Strategy 1: CLS Token Pooling
In CLS Token pooling, just take the vector from the [CLS] token and use it as the sentence embedding.
During BERT’s pre-training, the [CLS] token was used for the “Next Sentence Prediction” task, so it should have learned to aggregate sentence-level meaning.
In reality it works okay for classification tasks, but for semantic similarity, it’s actually pretty bad out of the box. The [CLS] token wasn’t explicitly trained to capture semantic meaning for retrieval.
Strategy 2: Mean Pooling
In mean pooling, we average all the token vectors together (excluding padding tokens).
Example:
# Mean pooling — the workhorse
# Mask out padding tokens, then average
token_vectors = encoder_output[1:-1] # Skip [CLS] and [SEP]
sentence_embedding = mean(token_vectors)Every token contributes to the overall meaning. Averaging them gives a balanced representation.

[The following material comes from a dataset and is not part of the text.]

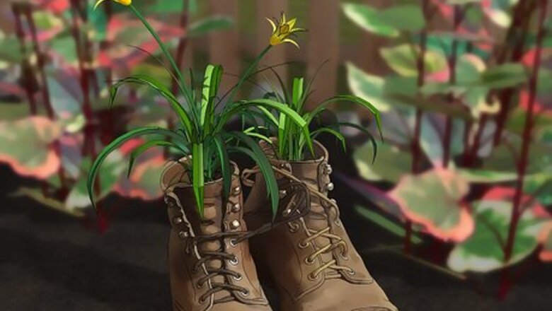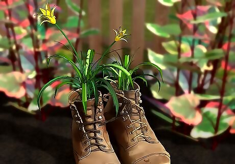 Plant your flowers in old boots or shoes for a playful vibe. When your boots or shoes start to look old and shabby, use them as makeshift flower pots instead of throwing them out. Any shoe will work but boots, like cowboy boots or work boots, are your best option since they have deep insides to fill with soil. Use a screwdriver or drill to make holes in the bottom of the shoes to allow water to drain out. If you have a fence in your garden, hang a row of colorful rain boots with plants inside to brighten up the fence.

In reality this works surprisingly well! And it’s the default strategy for most modern sentence embedding models.
Which strategy Wins?
Practical Tip: You almost never implement pooling yourself. When you use a library like
sentence-transformers, the pooling strategy is baked into the model configuration. But understanding it helps you debug weird results, like when someone accidentally uses raw BERT with CLS pooling and wonders why their retrieval is terrible.
Bi-Encoder vs. Cross-Encoder
Now here’s where things get really interesting for RAG. There are two fundamentally different ways to use Transformer encoders for comparing a query to a document.
The Bi-Encoder:
A bi-encoder encodes the query and the document independently, then compares their vectors.
Because query and document are encoded independently, you can pre-compute all document embeddings ahead of time. At query time, you only encode the query (one forward pass) and then do fast vector math.
This is what makes vector search possible. This is what you use in RAG.
The Cross-Encoder:
A cross-encoder feeds the query and document together as a single input, separated by a [SEP] token.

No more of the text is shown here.